México enfrenta la amenaza de una regresión autoritaria. Mientras el gobierno y el PRI devastan a las instituciones que obstaculizan su estrategia electoral, Andrés Manuel López Obrador mira y comenta los resultados de la Serie Mundial. Mientras se socava la autoridad del árbitro electoral y se decapita a los órganos de procuración de justicia, el Peje disfruta de unas vacaciones beisboleras.

En el embate contra el Instituto Nacional Electoral, el PRI ha encontrado a un aliado útil en el Tribunal Electoral del Poder Judicial de la Federación. La Sala Superior del TEPJF está conformada por siete magistrad@s. Conviene recordar sus nombres y apellidos porque con frecuencia la prensa sólo reporta las decisiones colectivas del Tribunal, sin individualizar las responsabilidades y votos de sus integrantes: Janine Otálora Malassis es su presidenta y los demás integrantes son: Felipe Fuentes Barrera, Indalfer Infante Gonzales, Felipe de la Mata, Reyes Rodríguez Mondragón, Mónica Soto Fregoso y José Luis Vargas. Si en 2018 la gobernabilidad de los comicios se torna imposible y el conflicto postelectoral se convierte en un incendio, habrá que recordar los nombres y sentencias de estos personajes. Es justo colocar al magistrado Reyes Rodríguez en una olla distinta, al ser sistemáticamente el voto disidente en las sentencias del Tribunal. Los otros seis magistrados destacan por socavar sistemáticamente las decisiones del INE.

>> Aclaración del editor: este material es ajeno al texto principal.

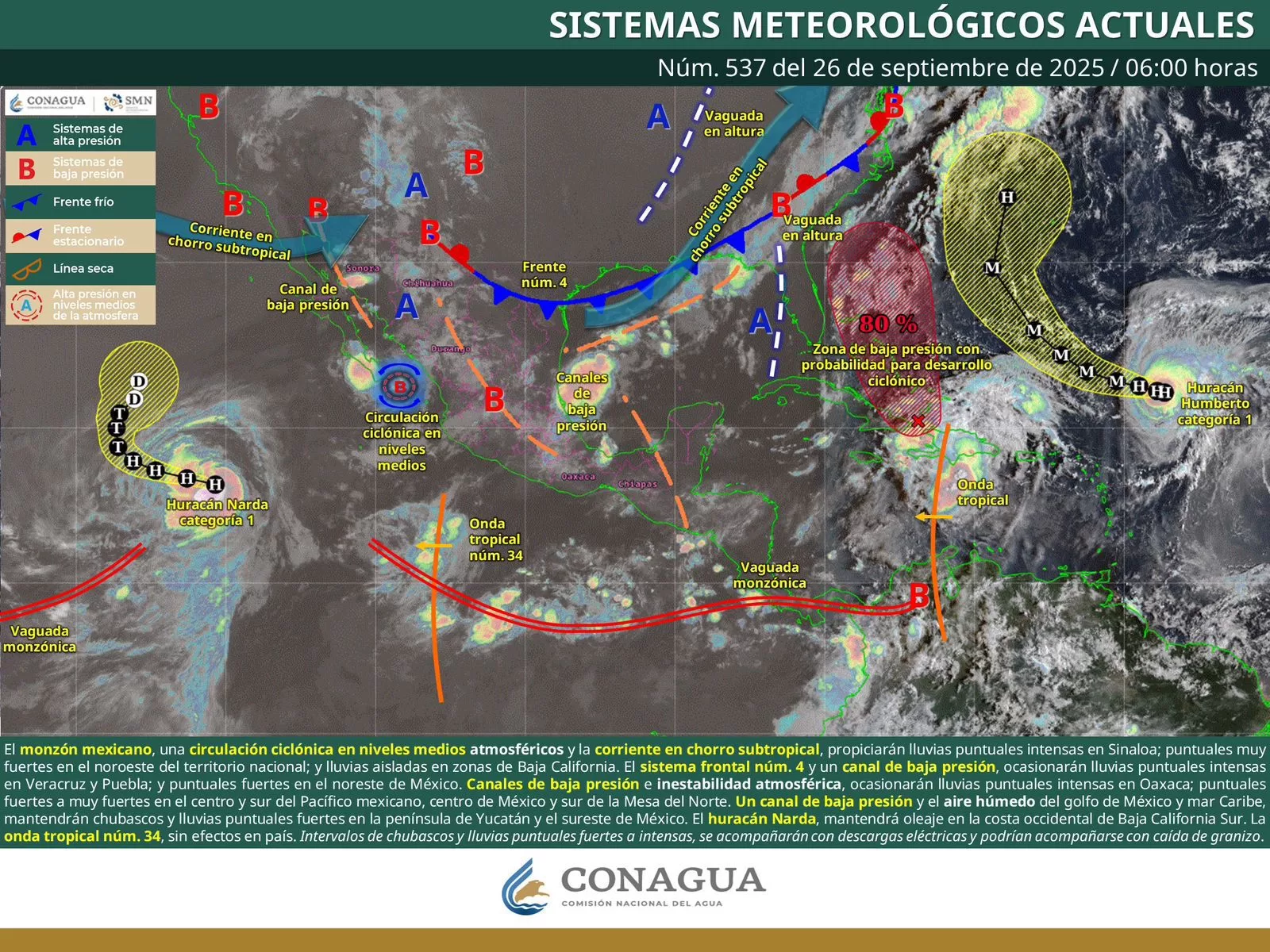Todas estas condiciones son ocasionadas por la vaguada monzónica, un canal de baja presión y el frente frío número 4.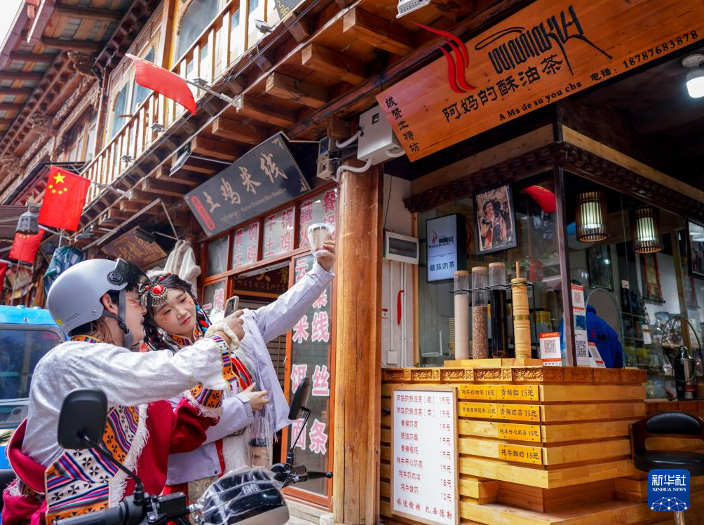 9月27日,游客在獨克宗古城里購買特色美食后拍照打卡。

En septiembre pasado el INE aprobó una serie de criterios para frenar la entrega de programas sociales en actos masivos y limitar la compra de propaganda gubernamental durante el proceso electoral. El objetivo de la medida era evitar que funcionarios públicos usaran los recursos del erario para la autopromoción de su persona o sus partidos. Después del reparto de tarjetas de "salario rosa" por el PRI en el Estado de México y Coahuila, el INE prohibió el uso de estas dádivas populistas a los votantes.

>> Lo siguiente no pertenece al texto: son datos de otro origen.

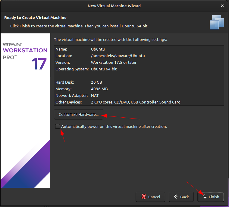 Avant de continuer, vous pouvez aussi cocher l’option Power on this virtual machine after creation pour démarrer la machine virtuelle automatiquement après sa création.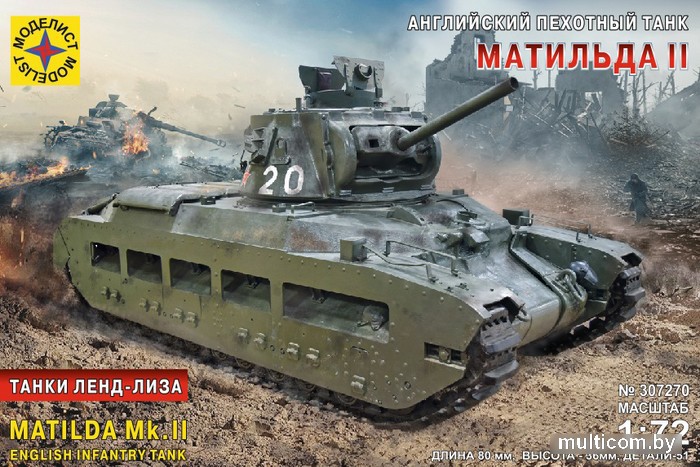 | Информация | Пехотный танк «Матильда II» (англ. Infantry Tank Mk.II «Matilda II») — средний пехотный танк армии Великобритании периода Второй мировой войны. Активно и успешно использовался британской армией в ходе боевых действий в Африке, также в значительных количествах поставлялся в СССР и Австралию. «Матильда» - единственная модель танка в мировой истории, названная женским именем. Состоял на вооружении танковых частей СССР. По программе «Лэнд-Лиз» первые 20 единиц танков «Матильда II» прибыли в Архангельск с морским караваном PQ-1 11 октября 1941 года. Всего из Англии было отправлено 1084 штук, часть была потеряна в ходе транспортировки по морю северными конвоями. Красная Армия получила 918 машин. Танки имели мощное бронирование на уровне советских тяжёлых танков КВ, которое увеличивало выживаемость танка и экипажа на поле боя. В сравнении с советскими танками качество брони было выше и не давало отслоения и осколков при попадании снаряда в танк. Спарка дизельных двигателей марки «Лейланд», которыми оснащался танк, имели гарантированный пробег в 220 моточасов, по факту отрабатывая до 550—600 моточасов. Условия работы экипажа на английском танке также отличались в лучшую сторону. Из-за своей мощной защиты и малой скорости «Матильда» оказалась удобной для использования в позиционных боях. Бронепробиваемость 2-фунтового орудия была также на хорошем на тот момент уровне, но при этом для него существовали только бронебойные снаряды. Машина создавалась как танк для непосредственной поддержки пехоты, в связи с чем имел невысокую крейсерскую скорость, что, впрочем, при правильном использовании машины не было существенным недостатком. К весне 1943 года «Матильды» уже значительно устарели и были сняты с производства, СССР также отказался от поставок этих танков. Оставшиеся машины активно использовались в боях. К началу немецкого наступления на Курской дуге 5 июля 1943 года в составе 201-й танковой бригады 7-й гвардейской армии Воронежского фронта имелось 18 таких танков. |

Con una mayoría de seis a uno, el TEPJF derrumbó los lineamientos del INE que buscaban impedir que la maquinaria de gobiernos federales y estatales se convierta en una tómbola de regalos para beneficiar a sus candidatos preferidos. Esta predecible movilización de recursos públicos y clientelas generará una percepción de inequidad y mayor tensión política conforme se acerque el próximo 1o. de julio.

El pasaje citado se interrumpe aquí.